Because sometimes I feel compelled to look back, like I did last night as I tried to quiet the worries that come with full-blown adulthood, a worry much different from the ones I used to possess.

In a few weeks, my little sister will be moving her family to the ranch. They’ll build a house right down the road from us. When they’re all bigger, our girls will be able to meet on their bikes to play. In fact, if the wind is right and they find a hill, they could stand outside and yell to make plans.

Time will tell if they ever figure that one out — the same way time has shown us.

Seven years ago, I sat with my little sister on the love seat in the back room of my parent’s house while she was home deciding the next step to take after college, deciding whether or not to move back. And we were a bit younger then, but the same amount of uncertain about how it might all turn out.

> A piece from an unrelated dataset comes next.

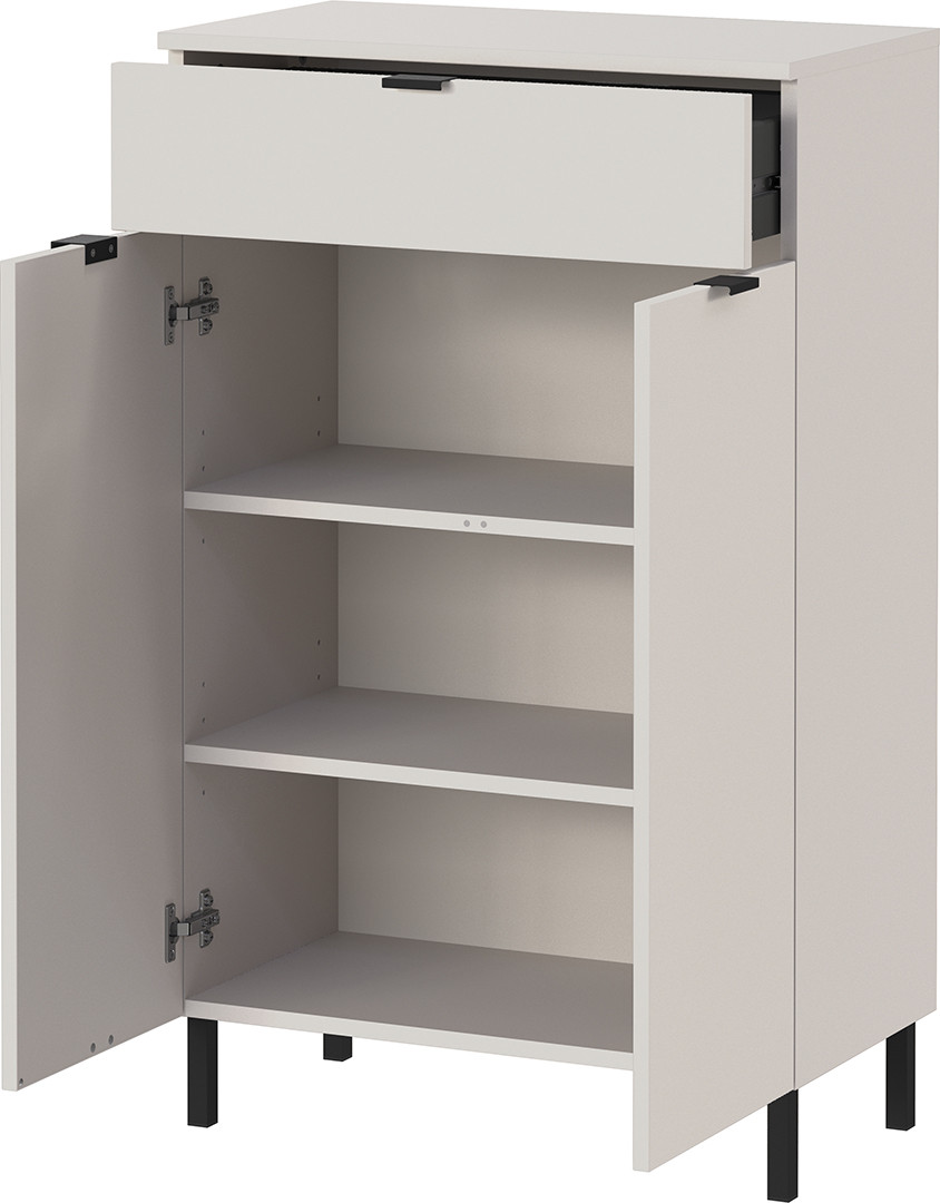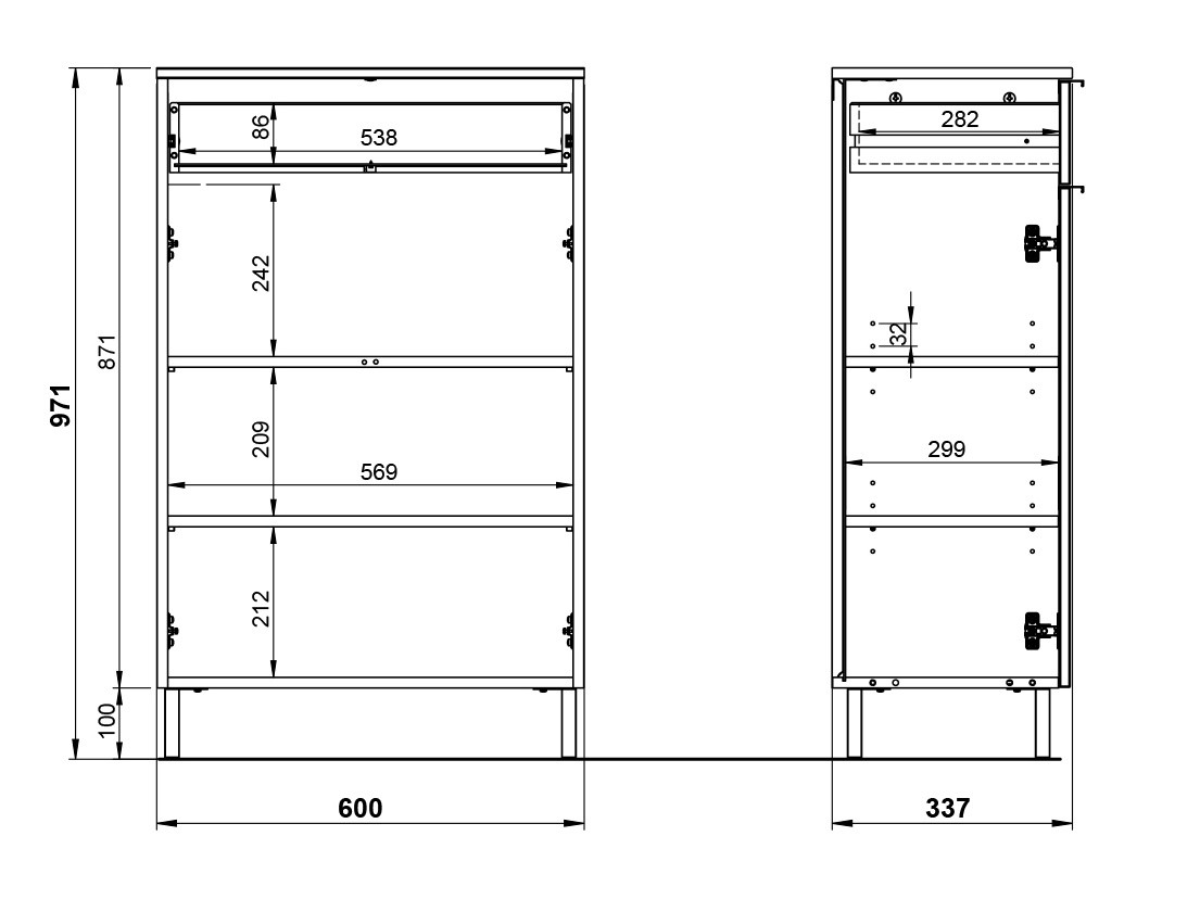 Pensé pour un usage quotidien, ce meuble est conçu à partir de panneaux de particules mélaminés de haute qualité avec chants ABS, assurant robustesse et longévité. Il repose sur un piétement en métal noir thermolaqué, stable et résistant à l’humidité. Les deux portes battantes sont équipées d’un système d’amortisseurs pour une fermeture douce et silencieuse. À l’intérieur, deux étagères réglables en hauteur permettent une organisation personnalisée, idéale pour ranger vos produits de beauté, serviettes ou accessoires, faisant de ce meuble un meuble de rangement de salle de bain à la fois esthétique et fonctionnel.

The love seat was small and so my sister and I were shoulder to shoulder, and my other shoulder was smashed up against my husband’s leg as he leaned back, sprawled out on the arm of the overstuffed piece of furniture. The three of us, we were a sandwich, and I was the lettuce, the cheese, the pickle, mayo and turkey. They were the bread and we were everything you needed for a good bite.

We closed our eyes and listened to dad blow the air from his lungs through the harmonica he wore around his neck. We heard a lonesome sound, one that’s familiar and haunting.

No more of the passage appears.